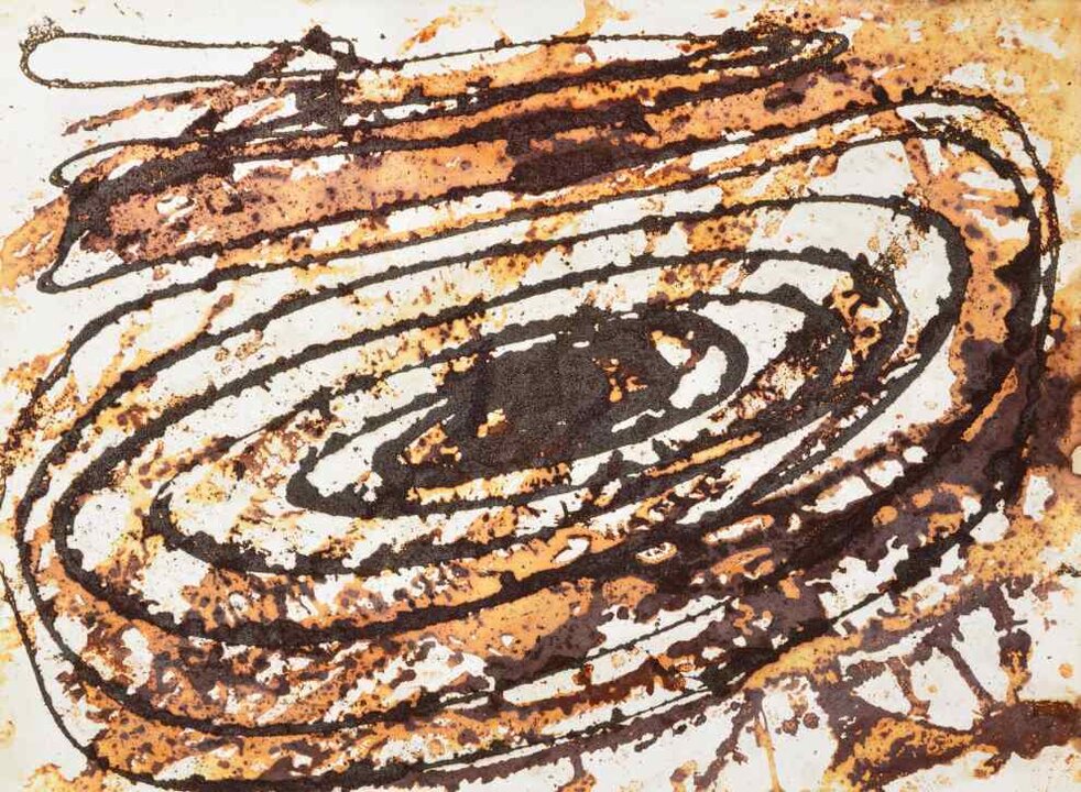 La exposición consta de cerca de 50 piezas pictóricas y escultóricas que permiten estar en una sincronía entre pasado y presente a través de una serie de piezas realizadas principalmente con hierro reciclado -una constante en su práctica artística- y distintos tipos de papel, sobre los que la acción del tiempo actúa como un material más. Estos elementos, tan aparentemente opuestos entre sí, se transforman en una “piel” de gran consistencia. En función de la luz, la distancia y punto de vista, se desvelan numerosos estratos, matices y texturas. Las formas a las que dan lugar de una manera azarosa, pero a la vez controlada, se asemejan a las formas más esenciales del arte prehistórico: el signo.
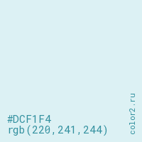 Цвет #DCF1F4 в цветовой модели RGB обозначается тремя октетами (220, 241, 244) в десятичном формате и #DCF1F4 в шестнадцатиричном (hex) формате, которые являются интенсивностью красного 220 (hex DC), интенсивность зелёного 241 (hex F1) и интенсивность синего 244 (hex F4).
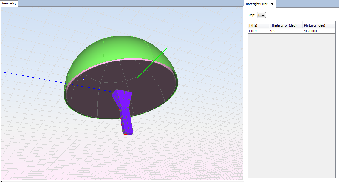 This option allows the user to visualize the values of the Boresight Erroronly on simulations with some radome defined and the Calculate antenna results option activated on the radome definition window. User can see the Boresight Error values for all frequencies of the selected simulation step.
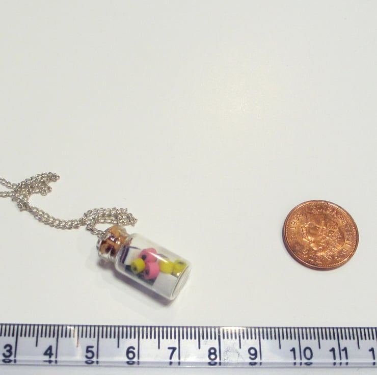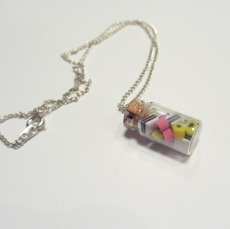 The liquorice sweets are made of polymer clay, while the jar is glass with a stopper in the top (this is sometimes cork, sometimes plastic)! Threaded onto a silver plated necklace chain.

• Problem description: Copy all the lines of data exactly as they appear, dropping any images.

• Written solution:
 La exposición consta de cerca de 50 piezas pictóricas y escultóricas que permiten estar en una sincronía entre pasado y presente a través de una serie de piezas realizadas principalmente con hierro reciclado -una constante en su práctica artística- y distintos tipos de papel, sobre los que la acción del tiempo actúa como un material más. Estos elementos, tan aparentemente opuestos entre sí, se transforman en una “piel” de gran consistencia. En función de la luz, la distancia y punto de vista, se desvelan numerosos estratos, matices y texturas. Las formas a las que dan lugar de una manera azarosa, pero a la vez controlada, se asemejan a las formas más esenciales del arte prehistórico: el signo.
 Цвет #DCF1F4 в цветовой модели RGB обозначается тремя октетами (220, 241, 244) в десятичном формате и #DCF1F4 в шестнадцатиричном (hex) формате, которые являются интенсивностью красного 220 (hex DC), интенсивность зелёного 241 (hex F1) и интенсивность синего 244 (hex F4).
 This option allows the user to visualize the values of the Boresight Erroronly on simulations with some radome defined and the Calculate antenna results option activated on the radome definition window. User can see the Boresight Error values for all frequencies of the selected simulation step.
 The liquorice sweets are made of polymer clay, while the jar is glass with a stopper in the top (this is sometimes cork, sometimes plastic)! Threaded onto a silver plated necklace chain.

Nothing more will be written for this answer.